● **TO DO**
Every line of the data below should be repeated exactly, and no picture should be copied.

● **DATA PROVIDED**
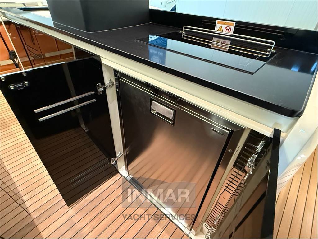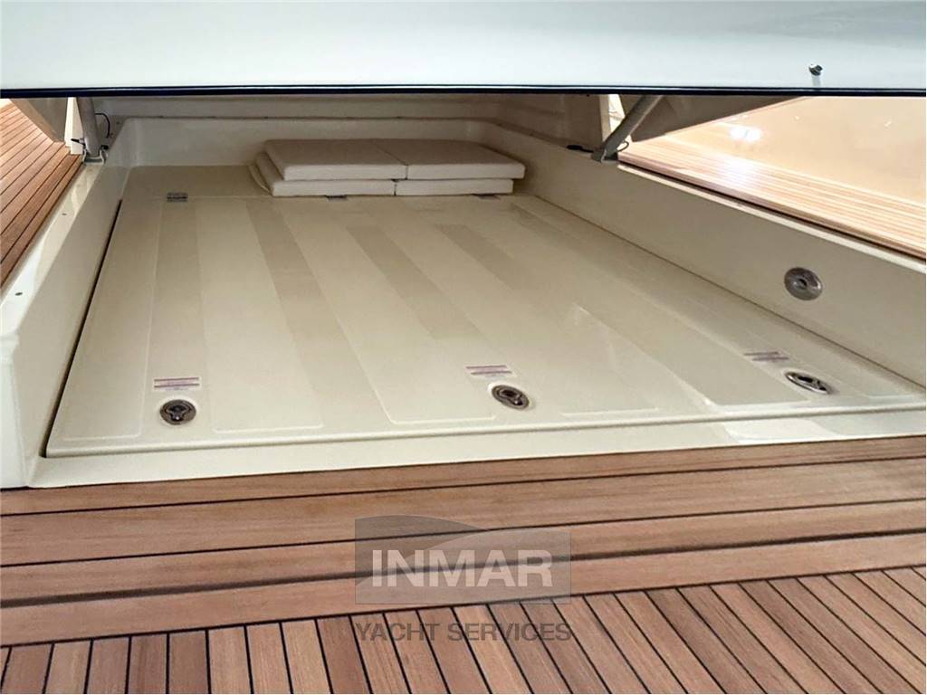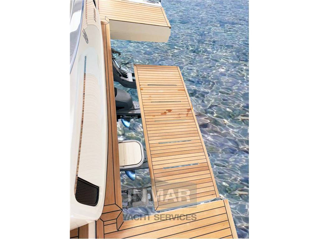 ATTREZZATURA DI COPERTA: Passerella idraulica a scomparsa - Luci subacquee multicolor - Telo Harem estensione ombreggiante poppa con pali in carbonio - Passerella idraulica - Scala bagno - Teak in pozzetto e in plancetta - Materassini prendisole - Lavaggio catena - Nr 1 verricello ancora - Faro orientabile Striker nero con telecomando in consolle - RGB Luci di cortesia hard-top e pozzetto - Plancetta di poppa affondabile
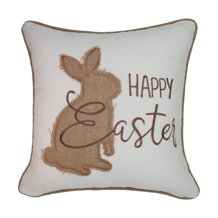 Πασχαλινή Διακοσμητική Μαξιλαροθήκη (45x45) Λινή Απλικέ Newhome 0743 Κουνελάκι Happy Easter
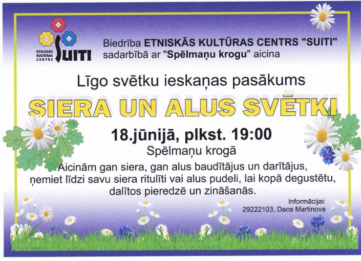 Biedrība sadarbībā ar “Spēlmaņu krogu” Alsungā Līgo svētku priekšvakarā organizēja svētkus suitu siera un alus darītājiem un baudītājiem, lai dalītos ar receptēm, pieredzi un padomiem siera un alus darīšanā. Degustējām arī veikalā nopērkamo sieru un alus šķirnes. Suitu dižsaimnieces Skaidrītes Nagliņas vadībā sējām sieru, ko tad ikvienam bija iespēja nogaršot. Pasākuma goda viesis bija suitu draudžu prāvests Gatis Bezdelīga. Kopā ar prāvestu radām atbildes uz jautājumiem par latvisko rituālu saistību un nozīmi ar katoļu baznīcas sludinātām pamatvērtībām.

● **REPLY TO THE TASK**
 ATTREZZATURA DI COPERTA: Passerella idraulica a scomparsa - Luci subacquee multicolor - Telo Harem estensione ombreggiante poppa con pali in carbonio - Passerella idraulica - Scala bagno - Teak in pozzetto e in plancetta - Materassini prendisole - Lavaggio catena - Nr 1 verricello ancora - Faro orientabile Striker nero con telecomando in consolle - RGB Luci di cortesia hard-top e pozzetto - Plancetta di poppa affondabile
 Πασχαλινή Διακοσμητική Μαξιλαροθήκη (45x45) Λινή Απλικέ Newhome 0743 Κουνελάκι Happy Easter
 Biedrība sadarbībā ar “Spēlmaņu krogu” Alsungā Līgo svētku priekšvakarā organizēja svētkus suitu siera un alus darītājiem un baudītājiem, lai dalītos ar receptēm, pieredzi un padomiem siera un alus darīšanā. Degustējām arī veikalā nopērkamo sieru un alus šķirnes. Suitu dižsaimnieces Skaidrītes Nagliņas vadībā sējām sieru, ko tad ikvienam bija iespēja nogaršot. Pasākuma goda viesis bija suitu draudžu prāvests Gatis Bezdelīga. Kopā ar prāvestu radām atbildes uz jautājumiem par latvisko rituālu saistību un nozīmi ar katoļu baznīcas sludinātām pamatvērtībām.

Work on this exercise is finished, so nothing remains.